I do not know that I entirely subscribe to Deputy Cowan's idea. I can see the necessity for a supreme authority in the field to command all units of the Army. If we have three or four commands or even a number of divisions, it will be necessary to have some co-ordination of command, some control over those in the field, as distinct from control of the Army itself. We must envisage the possibility of a whole-time commander having complete charge in that type of action. He might have under his control in that type of action divisional and brigade commanders. I think it would be undesirable to create a situation in the Army where, through lack of co-ordinated control, some activity of the Army might break down. I am inclined to the view that we are not here dealing with far-flung armies or with a question of astronomical divisions. We are dealing with the question of a very limited number of men and divisions and I think that it would be necessary, in the event of some large-scale field activity, that there should be some officer specifically in command of the general action as distinct from having a number of unit commanders responsible to their own particular divisions. Is there any difference between putting one general officer in command of a particular field operation and putting a command O.C. in command of a brigade or a brigade O.C. in charge of a battalion?

I think the Deputy misunderstood what I said. Myobjection is to appointing somebody to command the whole Defence Forces. If this section is passed the Minister can appoint somebody to command the whole Defence Forces, including the Chief of Staff, the Adjutant-General and so on.
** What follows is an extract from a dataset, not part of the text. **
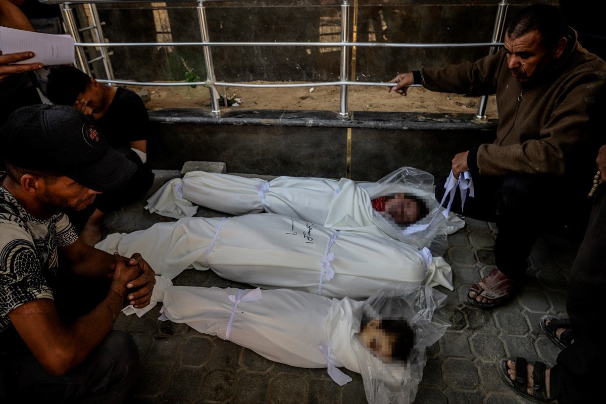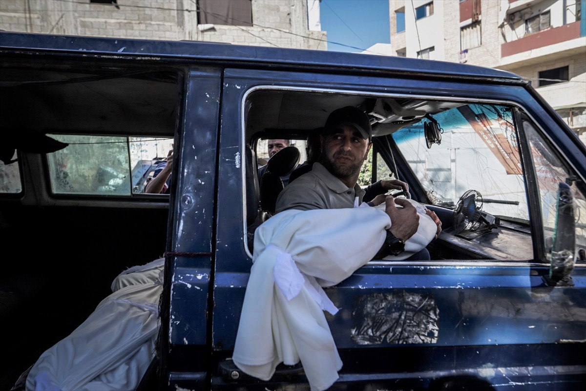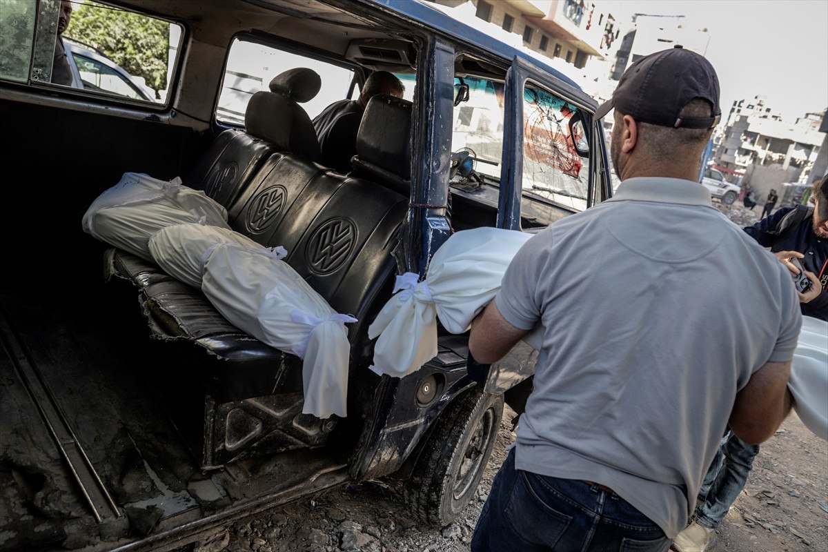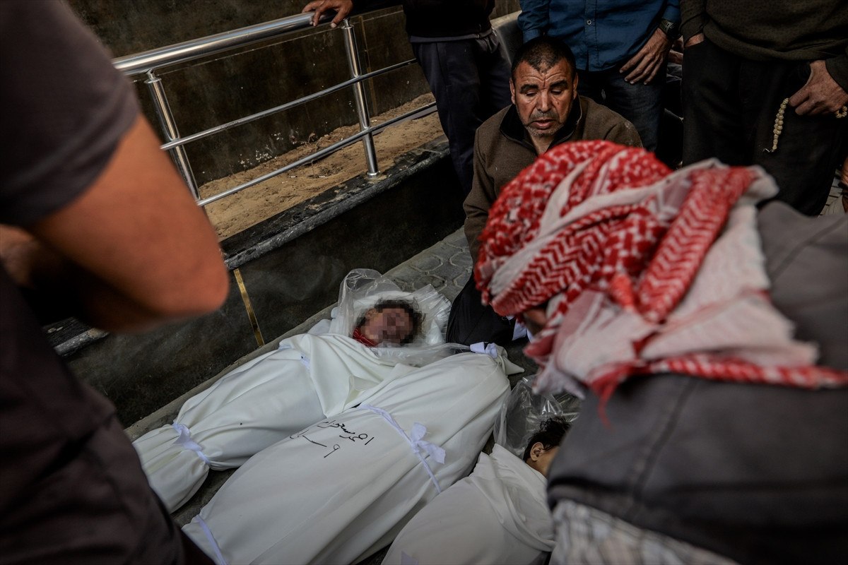 Saldırıda aralarında çocukların da olduğu yaşamını yitirenlerin naaşları, cenaze işlemleri için Gazze kentindeki Şifa Hastanesi’ne getirildi.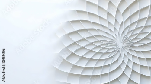 © Parsudi, Naklejka premium Abstract White Geometric Pattern with Spiral Structure and Shadowy Lines on Blank Background

I think we are being too meticulous. In the ultimate analysis, if a question should arise as to whether the Minister is exercising this power of putting somebody in control of the Defence Forces, doubtless he will be able to establish that the necessity to do so has arisen. I cannot see the Minister going outside his Chief of Staff for the purpose of such an appointment.

The actual position is that I did delegate these powers to the Chief of Staff in the last emergency. These powers were delegated with certain safeguards and there could be no question of the Chief of Staff attempting to do something that should not be done. It was amply provided that the Chief of Staff should act within these safeguards and the arrangement worked satisfactorily. There was no question at any time of any difficulties between either the Minister, the Government or the Chief of Staff. There was purely a delegation of the powers of the Minister, with certain safeguards in certain circumstances, to the Chief of Staff. I do not think there is anything that we need worry about in that arrangement. This merely provides that we can do so again if the necessity should arise.

Amendment put and negatived.

The Dáil adjourned at 2 p.m., until Wednesday, 25th February, 1953, at 2 p.m.